Monday, November 7, 2011

For Nan

I'd like to start this post with a special dedication to someone who I know will probably be one of the first to read it.

Nan, I didn't forget your birthday, I SWEAR I didn't! I was just really busy and by the time I got a chance to email you, it was 1 am over there, so I am very sorry and I hope your birthday was great and enjoy being.. well I'm not gonna say how old you are, but I hope you enjoy your new age :)

I was also asked to give the Sullivan's a quick shout out, cause I wasabi got them all briefly on Skype. So here you are jane, a special mention haha. You should feel very lucky to be on such an elite and well known blog at this, I mean I have like over 600 visitors haha. Anyway it was good seeing all your faces, especially Emma's, 'cause she's adorable

Okay now vietnam related things. Well Hue took Gaby and I out to dinner, and we were gonna order snails but we didn't end up doing that. We had some delicious rice paper rolls, and a hot pot... With yummy chucks of fish head. That's one of the weirder things I've eaten while here , others include fresh squid,duck liver and the other day for breakfast I had these famous noodles with chunks of solidified cows blood... yum.

Other than that it's all things I've noticed here is that when you eat with friends you do 'cheers' a lot. Not when it's just us and the small family, but going out to dinner on Friday, gaby and I counted that my host dad and all his friends that we went with clinked glasses 17 times over the course of the meal. I asked hue, and she said its to wish luck and happiness and good fortune. I guess they think the more you do it the higher your chances of luck? Every sip of beer would require a cheers and it was almost funny for Gab and I to watch.

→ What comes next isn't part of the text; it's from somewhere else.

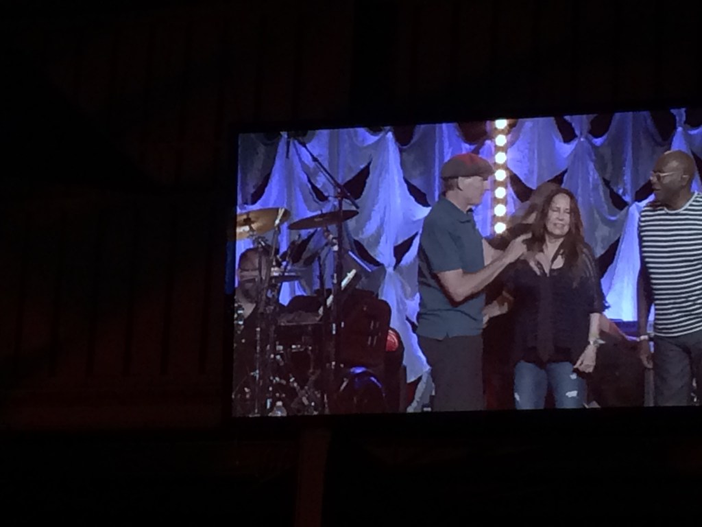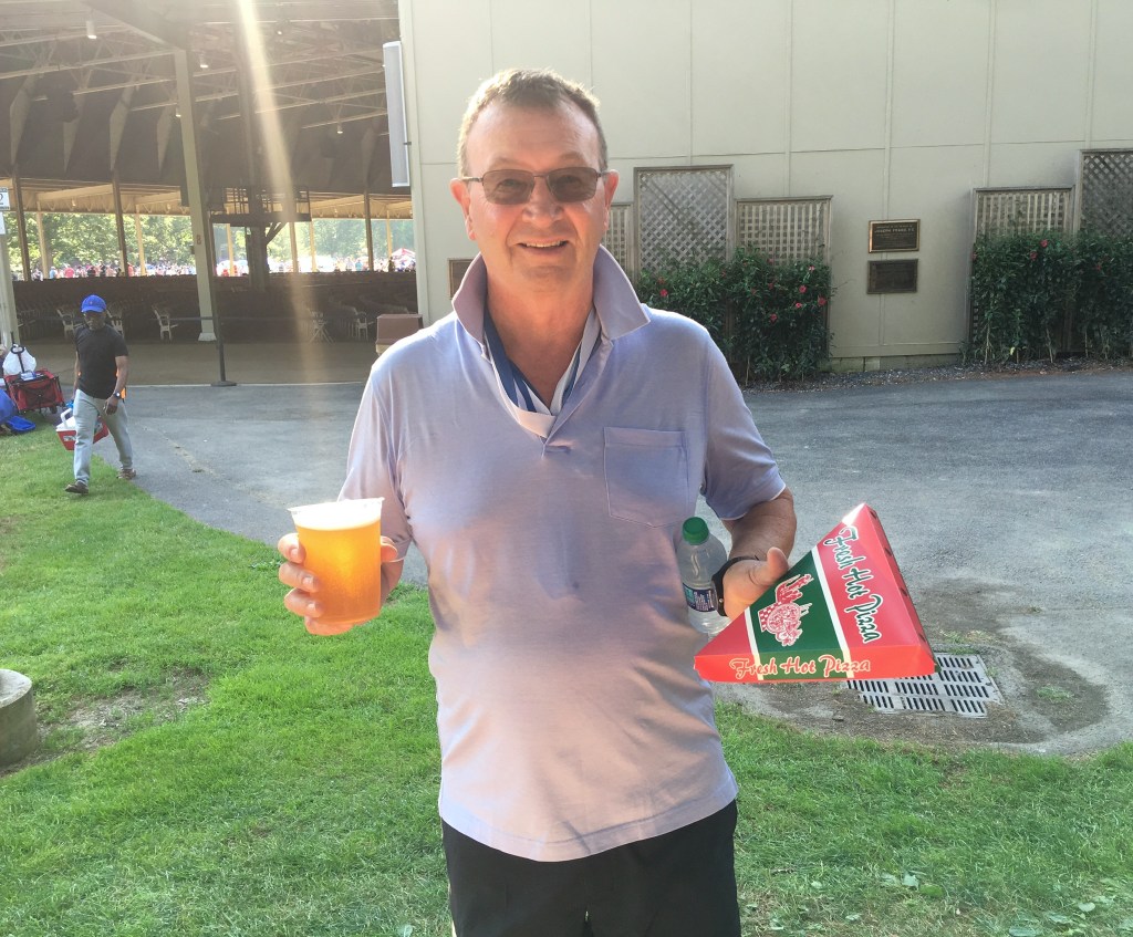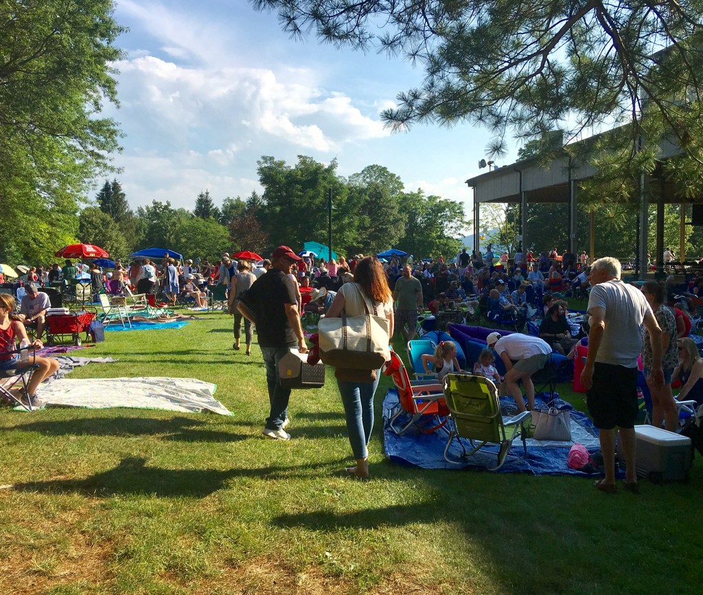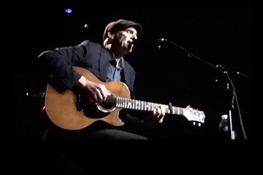 The venue is unique, it’s called “ The Shed”, is open at three sides to the surrounding lawns, trees and gardens it has a packed earthen floor. Overall imagine a two storey wedge of cheese with the pointed end the stage and 5000 seats fanning and gently elevating back from that. Another 13,000 concert goers are set out on the surrounding lawns with “ concert displayed big screens”, deckchairs, tables, shades, candlabras, food and drink !! It’s party time at Tanglewood with James Taylor who first performed there in 1974 and in 2019, aged 71 has a voice and enthusiasm as strong as ever in this his 27th year to appear.

Another big difference is the attitude to alcohol here. While at home, being 16 I'm not allowed to drink and while many 16 year olds do, it's not legal and uts normally not done around adults. Whereas here, I've been offered beer at home regularly, so has Angela. Spirits are just sold on the shelves in supermarkets, next to Hello Panda cookies and juice. A large bottle of vodka here is about $8. I don't have a lot of experience buying grog, but I think that's pretty. Heap, mind you everything's cheap here. But there's no drinking culture like in Australia. There's little drunkenness and binge drinking isn't really an issue. I think being exposed to alcohol their whole life being able to go out and drink doesn't have the same appeal as in Aus. The drinking culture here is that of drinking lots in a short amount of time, then not again. For example, my host dad will often drink 2 beers over dinner, but then stop, and that's all he'll drink. The teacher looking after us at VAS, mr Marshall told us that some teachers will often down a few beers at lunch, then stop. In aus, we might drink 6 beers, but over the course of the whole afternoon, so it's a bit different here.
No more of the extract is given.